--- START ---

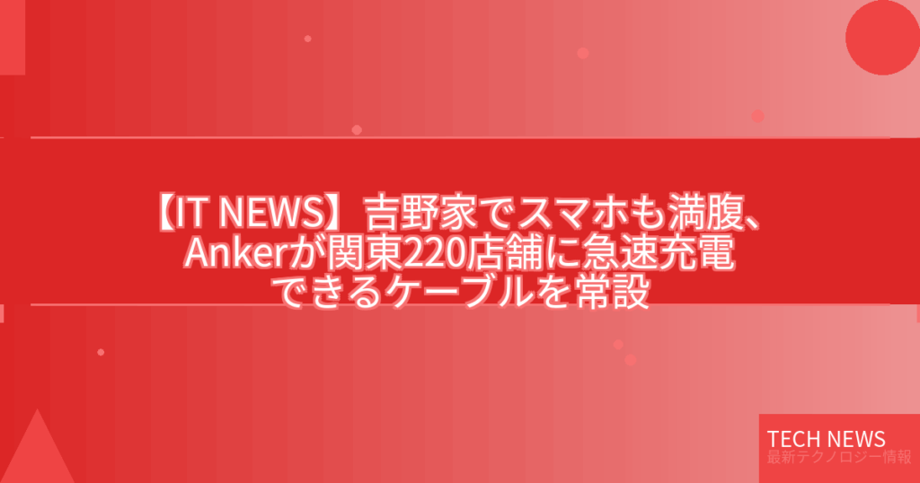 アンカー・ジャパンは10月10日、牛丼チェーン「吉野家」の関東エリア約220店舗の全客席に、同社製の充電ケーブルを順次設置すると発表した。食事中にスマートフォンを急速充電できる環境を提供し、顧客の利便性向上を図る。 -
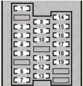 | 17 | RH-IG | 7,5 | Seat heater switches, front right door control system, rear right door control system, capacitor, combination switch, seat belt pretensioners, shift lever switch, power window |
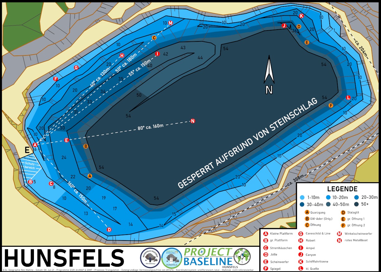 Diese Tiefenprofilkarte wurde uns vom Project Baseline Hunsfels zur Verfügung gestellt, das die Karte erstellt hat und die Rechte an dieser Karte besitzt.
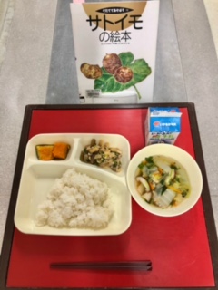 上段の写真は、本日の給食のサンプルと給食図書です。本日の給食図書は、「サトイモの絵本」でした。さといもやずいきの、育て方や食べ方が載っている絵本でした。
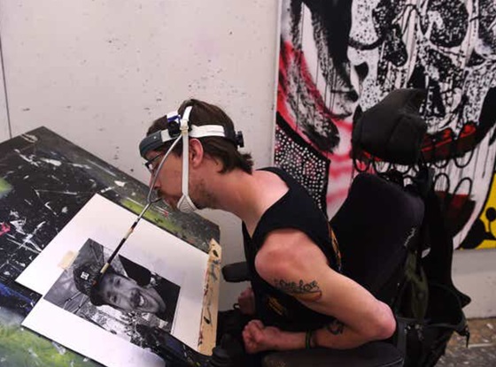 포걸씨는 머리에 쓴 도구에 붓을 끼워 놓은 상태에서 그림을 그립니다. 처음엔 익숙해지는데 쉽지 않았지만 그림을 가르쳐 준 사람과 비슷한 장애여서 그를 따라 하면서 배우게 되었습니다. 그의 작품은 몇 몇 소도시의 갤러리에 상설 전시되어 언제든지 관람할 수 있습니다.
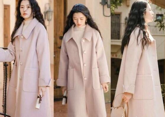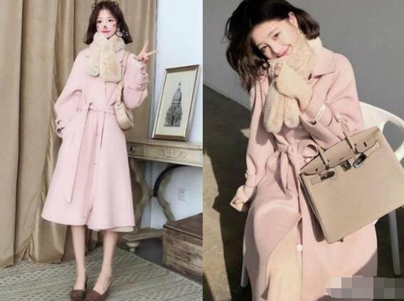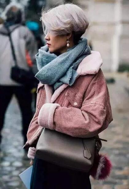 偏粉的玫瑰粉色大衣搭配一条米色围脖,有点甜美的一套搭配,跟前面的搭配相比,多了一丝小女人味儿。

--- END ---

**Task item**
Could you reproduce the listing above word for word while leaving out its pictures?

**Answer for this exercise**
 アンカー・ジャパンは10月10日、牛丼チェーン「吉野家」の関東エリア約220店舗の全客席に、同社製の充電ケーブルを順次設置すると発表した。食事中にスマートフォンを急速充電できる環境を提供し、顧客の利便性向上を図る。 -
 | 17 | RH-IG | 7,5 | Seat heater switches, front right door control system, rear right door control system, capacitor, combination switch, seat belt pretensioners, shift lever switch, power window |
 Diese Tiefenprofilkarte wurde uns vom Project Baseline Hunsfels zur Verfügung gestellt, das die Karte erstellt hat und die Rechte an dieser Karte besitzt.
 上段の写真は、本日の給食のサンプルと給食図書です。本日の給食図書は、「サトイモの絵本」でした。さといもやずいきの、育て方や食べ方が載っている絵本でした。
 포걸씨는 머리에 쓴 도구에 붓을 끼워 놓은 상태에서 그림을 그립니다. 처음엔 익숙해지는데 쉽지 않았지만 그림을 가르쳐 준 사람과 비슷한 장애여서 그를 따라 하면서 배우게 되었습니다. 그의 작품은 몇 몇 소도시의 갤러리에 상설 전시되어 언제든지 관람할 수 있습니다.
 偏粉的玫瑰粉色大衣搭配一条米色围脖,有点甜美的一套搭配,跟前面的搭配相比,多了一丝小女人味儿。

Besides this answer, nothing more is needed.